Cost regulators for the NHS in England and Wales have backed the use of MSD’s Ezetrol for adults with high cholesterol.

In final guidelines, the National Institute for Health and Care Excellence says the drug can be used as a monotherapy to treat adult patients with primary (heterozygous_familial or non_familial) hypercholesterolaemia in whom initial statin therapy is contraindicated or not tolerated.

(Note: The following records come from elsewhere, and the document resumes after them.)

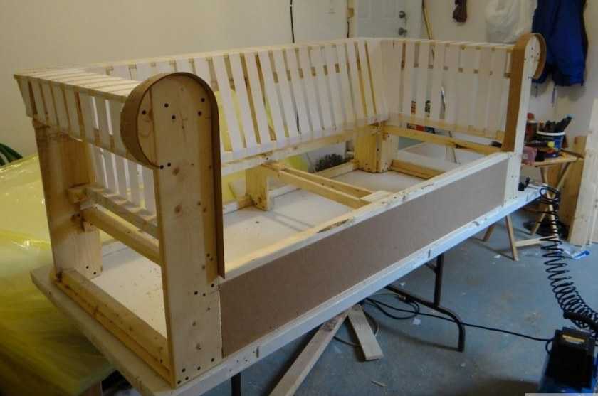 - Далее основание и спинка изделия обшиваются деревянными планками. Планки должны быть прочными, чтобы смогли выдержать вес взрослого человека.
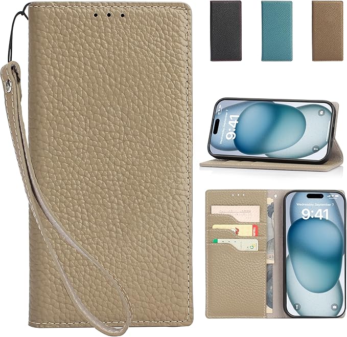 CLICSUN iPhone17Pro 用の ケース 高級牛本革ケース 手帳型 アイフォン17 Pro 用の カバー 本革 レザー いPhone 17 Pro カバー スタンド機能 ストラップ付き マグネット式 カードポケット グレー
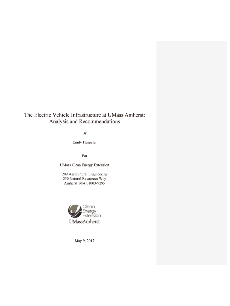 The Electric Vehicle Infrastructure at Mass Amherst: Analysis and Recommendations By Emily Hosteler For Mass Clean Energy Extension 209 Agricultural Engineering 250 Natural Resources Way Amherst,
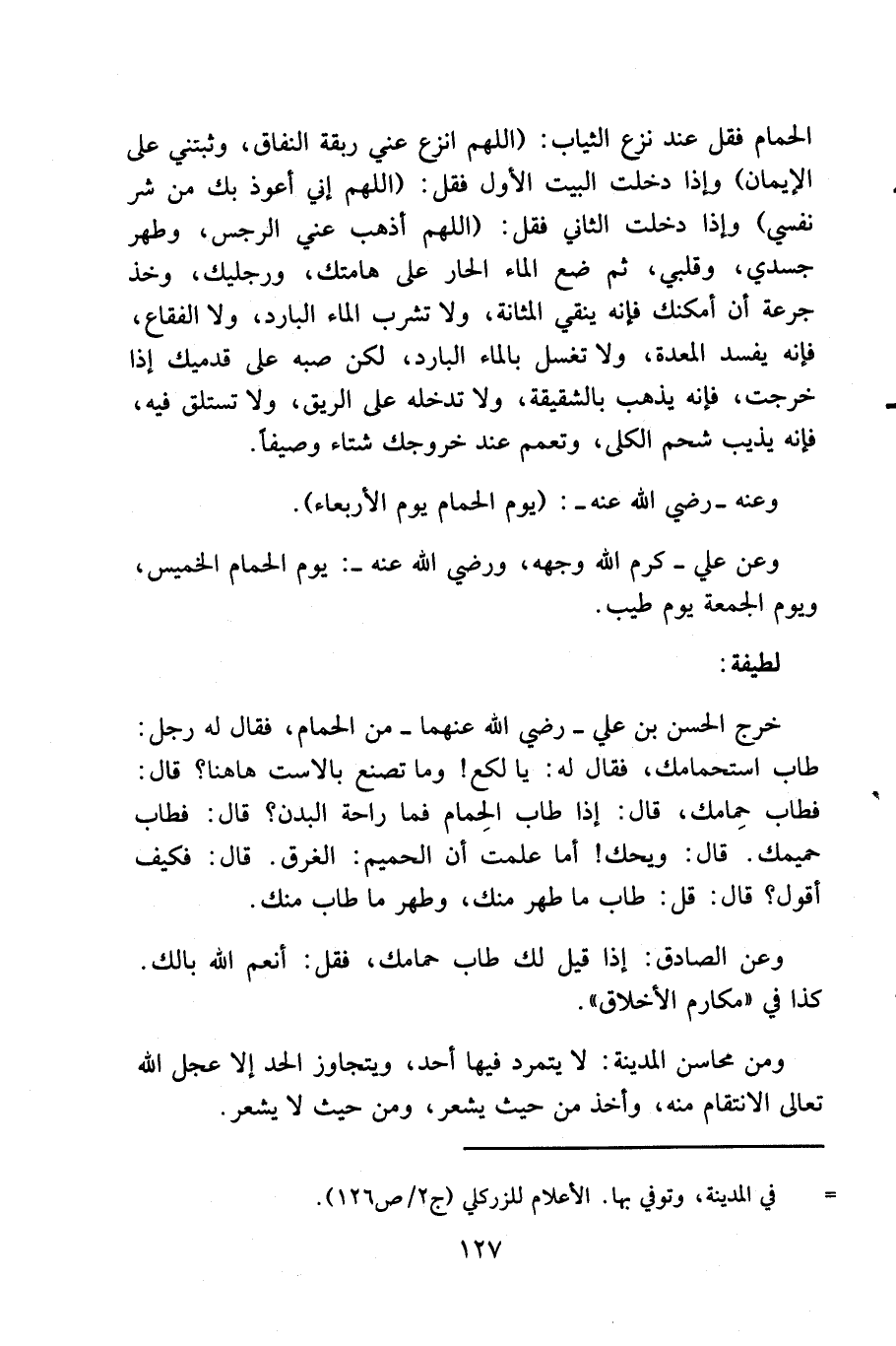 ... وللماء الصحيح لذة، ودخل في تدبير الصحة إذا استعمل بشروطه، وهي: ألا يؤخذ قبل الهضم، فإنه مفسد للأغذية، ومبرد للمعدة، ومصعد للأبخرة، وألا يستعمل الفاسد منه بلا مصلح، كأكل البصل قبله، أو بعده، ومزجه بالخل، وأن يكون بداعية صادقة، فما شُرب قبل خمس عشرة درجة تمضي من الأكل لصفراوي، وضعفها لدموي، وخمسة وأربعين لسوادي، وستين لبلغمي كاذب لا اعتقاد به، ولا اعتداد به (شديد النكاية، ولا بعد فاكهة) فإنه يفسد الدم، ولا بعد حمام، وجماع، فإنه يورث الرعشة، والجذام، ولا لوم لمن نام ولا أخذ كفايته منه، ولا قائماً، ولا متكئاً. والحار يفسد، ولا يروي، بل اللون، والثلج، والبَرد، وأقل رطوبة من باقي المياه، ويأخذه العطشان قبل الأكل، وفي خلاله جائز بقدر الداعي، ولا يجوز على الريق إلا صيفاً، أو في زمان الطاعون.
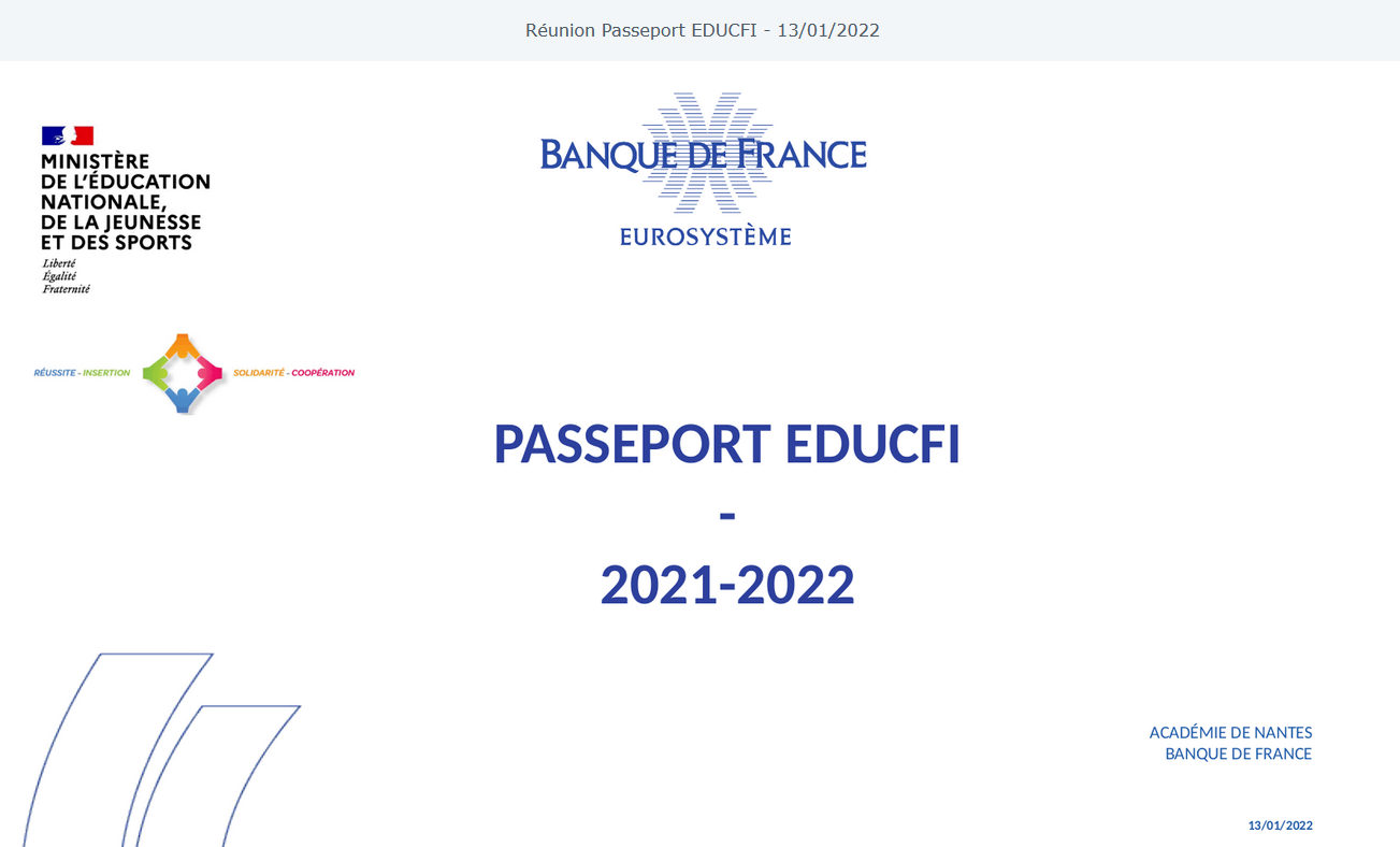Publié le 17 janvier 2022 - Mis à jour le 18 janvier 2022 Partenariat passeport EDUCFI pour l'académie de Nantes Le 18 janvier 2022 Webinaire et diaporama de présentation des enjeux et des modalités académiques du Passeport EDUCFI Pour accéder à l'enregistrement du webinaire du 13 janvier cliquez sur l'image ci-dessous : Télécharger le diaporama qui présente les enjeux et les modalités académiques du Passeport EDUCFI Accéder à l'enregistrement du webinaire du 13 janvier
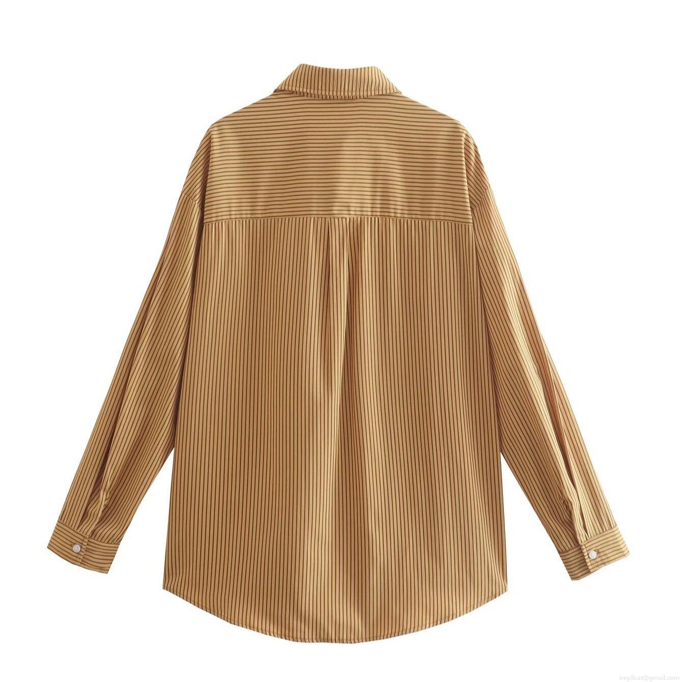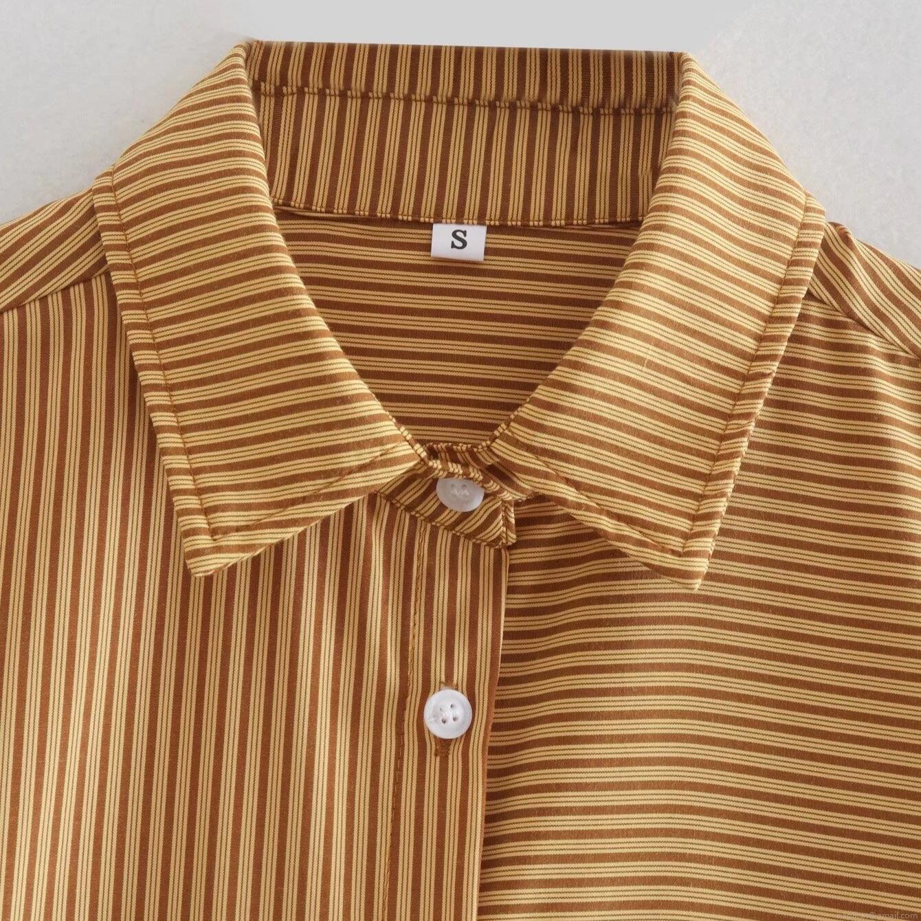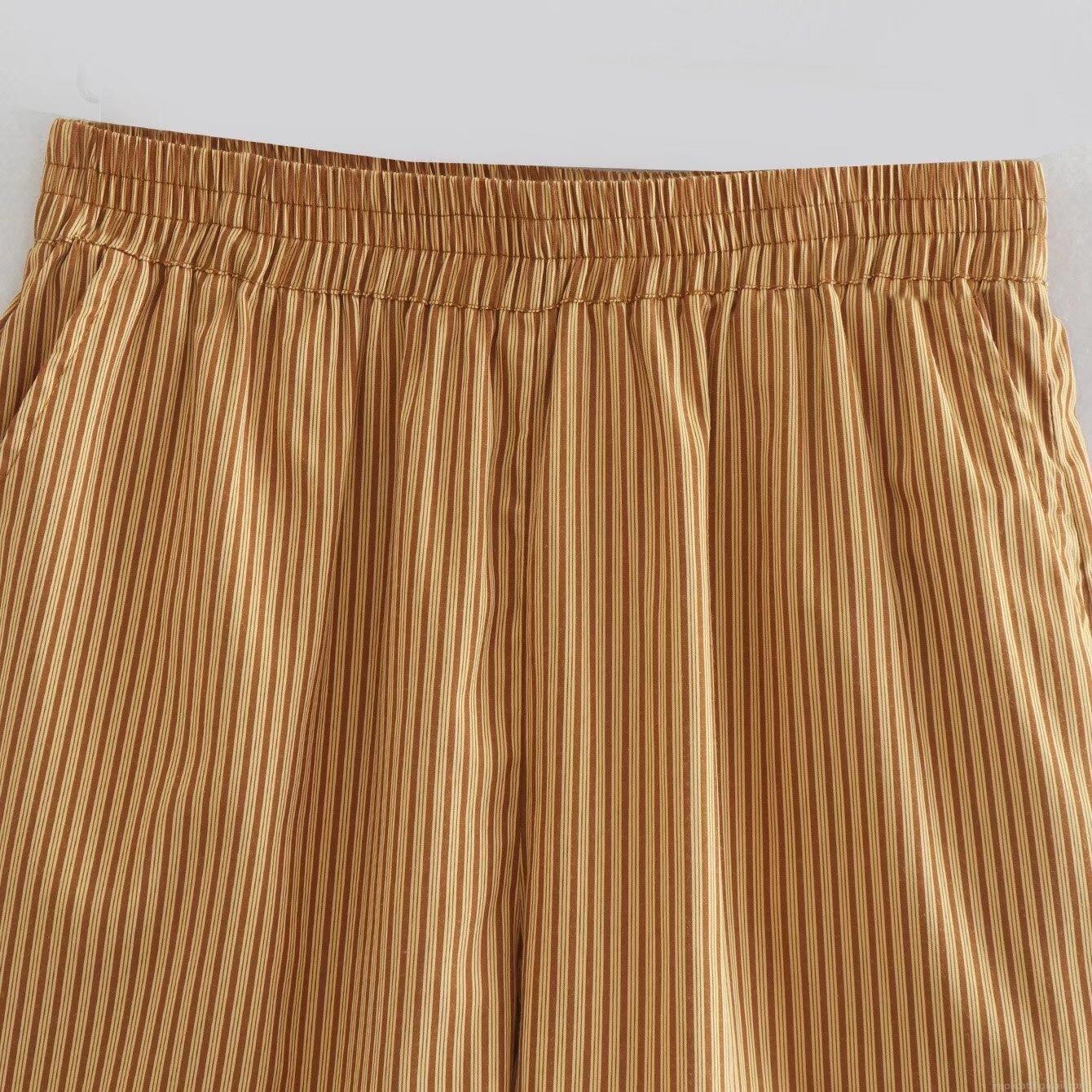 • Women's Striped Two Piece Casual Set Long Sleeve Button Up Shirt With Pocket And Elastic Waist Wide Leg Shorts Outfit Loose Polyester Streetwear Summer Lounge Set
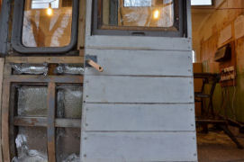Even more sawing, sanding and carving, with the addition of painting and stuffing behind the panels with insulation too, to add to the variety. Millpool has been fully insulated underneath, and the guard’s end is now complete and a matchboard cladding has been added inside, and galvanised steel panels now protect the exterior. There has been an incentive for this work, as with the end exposed the wind and rain was whistling through. Ben has set up his stove and the workers are now toasty and warm.
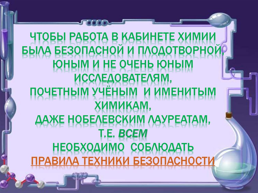 ЧТОБЫ РАБОТА В КАБИНЕТЕ ХИМИИБЫЛА БЕЗОПАСНОЙ И ПЛОДОТВОРНОЙ,
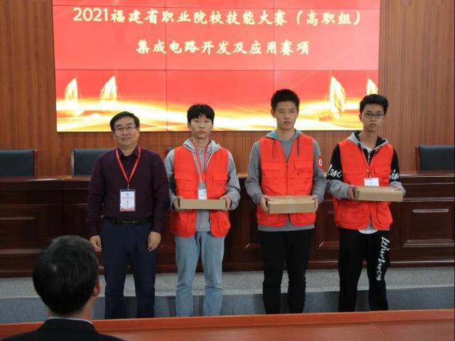 4月6-7日,2021年福建省职业院校技能大赛(高职组)“百科荣创杯”嵌入式技术应用开发、“朗迅杯”集成电路开发及应用两赛项在我校翔安校区开赛。我院代表队在两个赛项中凭借出色的发挥,均获得第一名的佳绩。
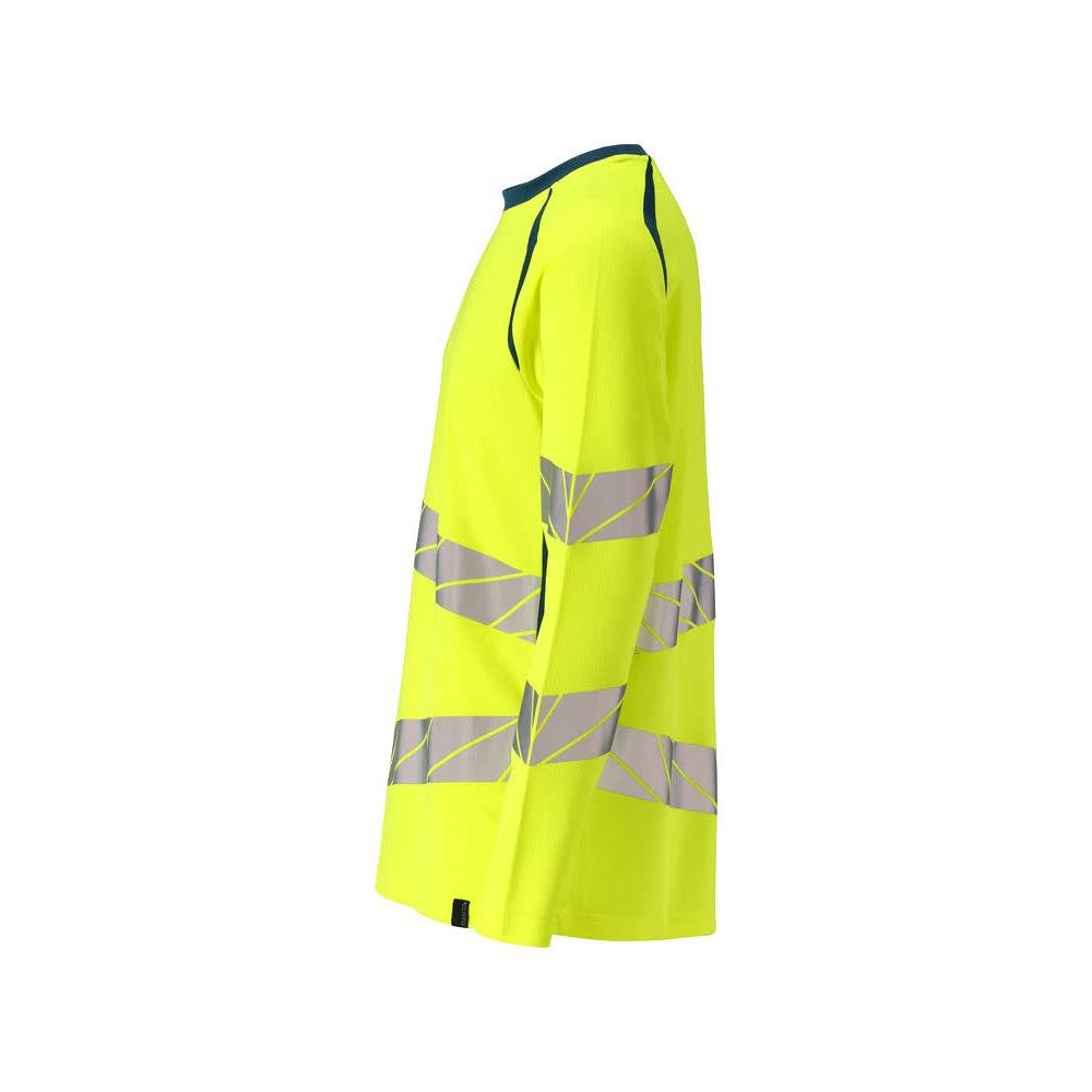 Ein hochmodernes, fluoreszierendes Langarm-T-Shirt mit schräg verlaufenden Reflexen für optimale Sichtbarkeit und Komfort.
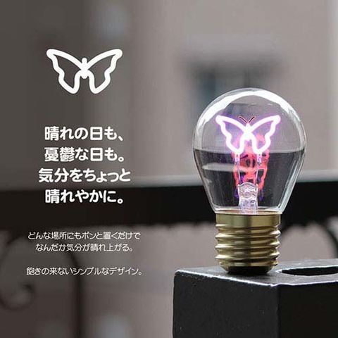 ●丸いガラス球の中にかわいいデザインのLEDネオンを封入。
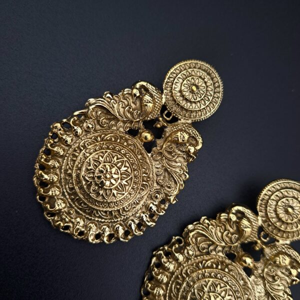 Bold, structured, and richly textured. These antique gold-finished earrings deliver a high-fashion, regal look with their elaborate pattern and generous size
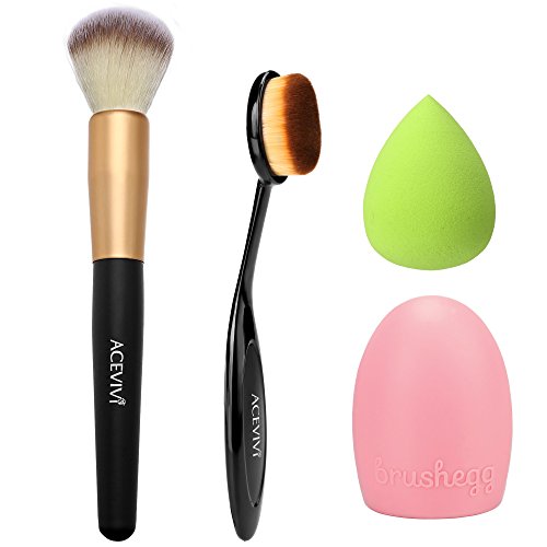 ACEVIVI Cosmetic Cream Powder Powder/ Makeup Face Blush Brush + Mini Size Makeup Puff Sponge + Makeup Brush Cleaner

Ezetrol (ezetimibe) is also recommended in combination with initial statin therapy as an option when cholesterol concentration is not appropriately controlled, or where a person is unable to have higher doses of the statin because it is likely to cause side effects, and a change to an alternative statin is being considered. 

Primary heterozygous-familial hypercholesterolaemia is an inherited condition caused by a faulty gene that affects around 120,000 people in the UK. Non-familial hypercholesterolaemia develops from a mix of genetic traits and other factors such as diet, smoking and lack of exercise, and is thought to affect around 2,000,000 people. In both cases, raised levels of cholesterol put patients at higher risk of developing CVD, the leading cause of death in the country.

Ezetrol is a cholesterol-absorption inhibitor that blocks intestinal absorption of dietary and biliary cholesterol and related plant sterols, but without affecting uptake of triglycerides or fat-soluble vitamins. This means that the drug can be combined with a statin to provide either a complementary or an alternative mode of cholesterol reduction.